Sealy Center on Aging, University of Texas Medical Branch, Galveston, Texas.
Department of Preventive Medicine and Community Health, University of Texas Medical Branch, Galveston, Texas.
J Am Geriatr Soc. 2019 Jun;67(6):1174-1181. doi: 10.1111/jgs.15779. Epub 2019 Jan 29.
BACKGROUND/OBJECTIVES: Peripheral neuropathy is a common diabetes complication that can increase fall risk. Regarding fall risk, the impact of pain management using tricyclic antidepressants (TCAs) or γ-aminobutyric acid (GABA) analogs is unclear because these medications can also cause falls. This study investigates the impact of these drugs on fall and fracture risk in older diabetic peripheral neuropathy (DPN) patients.
Historical cohort study with 1-to-1 propensity matching of TCA/GABA-analog users and nonusers.
Nationally representative 5% Medicare sample between the years 2008 and 2010.
After applying all selection criteria, 5,550 patients with prescription and 22,200 patients without prescription of TCAs/GABA-analogs were identified. Both patient groups were then stratified for fall history and matched based on propensity of receiving TCAs/GABA-analogs within each group.
Patients were followed until the first incidence of fall or the first incidence of fracture during the follow-up period (for up to 5 years).
After matching, users and nonusers were largely similar. After covariate adjustment, TCA/GABA-analog use was associated with a statistically significant increase in fall risk (adjusted hazard ratio [HR] = 1.11; 95% confidence interval [CI] = 1.03-1.20), but was not associated with fracture risk (adjusted HR = 1.09; 95% CI = 0.99-1.19) in the conventional analysis. Treating TCA/GABA-analog use as a time-dependent covariate resulted in statistically significant associations of TCA/GABA-analog use with both fall and fracture risk (HR = 1.26 [95% CI = 1.17-1.36]; and HR = 1.12 [95% CI = 1.02-1.24], respectively).

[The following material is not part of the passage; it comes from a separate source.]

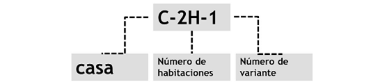 Tanto las viviendas aisladas como los edificios de apartamentos, fueron clasificados y nombradas con letras y números según la cantidad de habitaciones por el Instituto (Figura 9) Se diseñaron ocho variantes de viviendas de dos habitaciones, (aunque también existen modelos con otras combinaciones de letras), treinta de tres habitaciones y cuatro para las de cuatro habitaciones. 8
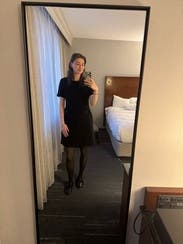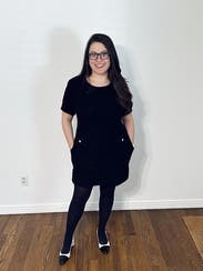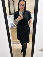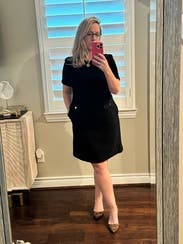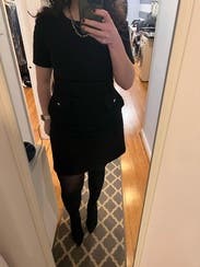 Loved this dress. Not too short, perfect for work. Looks so chic and flattering on!

Among older patients with DPN, GABA-analogs or TCAs increase fall risk and possibly fracture risk. Use of these medications is therefore a potentially modifiable risk factor for falls and fractures in this population.
背景/目的:周围神经病变是一种常见的糖尿病并发症,会增加跌倒风险。关于跌倒风险,使用三环类抗抑郁药(TCAs)或γ-氨基丁酸(GABA)类似物进行疼痛管理的影响尚不清楚,因为这些药物也会导致跌倒。本研究旨在调查这些药物对老年糖尿病周围神经病变(DPN)患者跌倒和骨折风险的影响。

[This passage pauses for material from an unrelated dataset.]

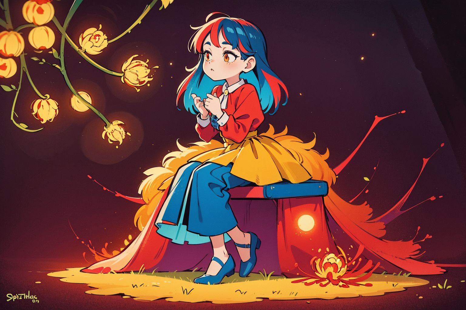 Polychrome,In the center of the image, a young girl with vibrant blue hair and a pink dress is seated on a red bench. She holds a yellow flower delicately in her hands. The bench is adorned with a red rose on its right side. In the background, a tree filled with orange flowers stretches upwards, illuminated by yellow lights that cast an enchanting glow over the scene. The entire image exudes a sense of tranquility and innocence.

TCAs/GABA 类似物使用者和非使用者的 1:1 倾向匹配的历史性队列研究。
2008 年至 2010 年全国代表性的 5%医疗保险样本。
在应用所有选择标准后,确定了 5550 名有 TCA/GABA 类似物处方和 22200 名无 TCA/GABA 类似物处方的患者。然后根据每个组内接受 TCA/GABA 类似物的倾向,对两组患者进行分层并进行匹配。
患者在随访期间(最长 5 年)直至首次发生跌倒或首次发生骨折。
匹配后,使用者和非使用者在很大程度上相似。调整协变量后,TCA/GABA 类似物的使用与跌倒风险显著增加相关(调整后的危害比 [HR] = 1.11;95%置信区间 [CI] = 1.03-1.20),但与骨折风险无关(调整后的 HR = 1.09;95% CI = 0.99-1.19)在常规分析中。将 TCA/GABA 类似物的使用视为时间依赖性协变量,结果表明 TCA/GABA 类似物的使用与跌倒和骨折风险均具有统计学显著关联(HR = 1.26 [95% CI = 1.17-1.36];和 HR = 1.12 [95% CI = 1.02-1.24])。
在老年 DPN 患者中,GABA 类似物或 TCAs 会增加跌倒风险,并可能增加骨折风险。因此,在该人群中,使用这些药物可能是跌倒和骨折的一个潜在可改变的危险因素。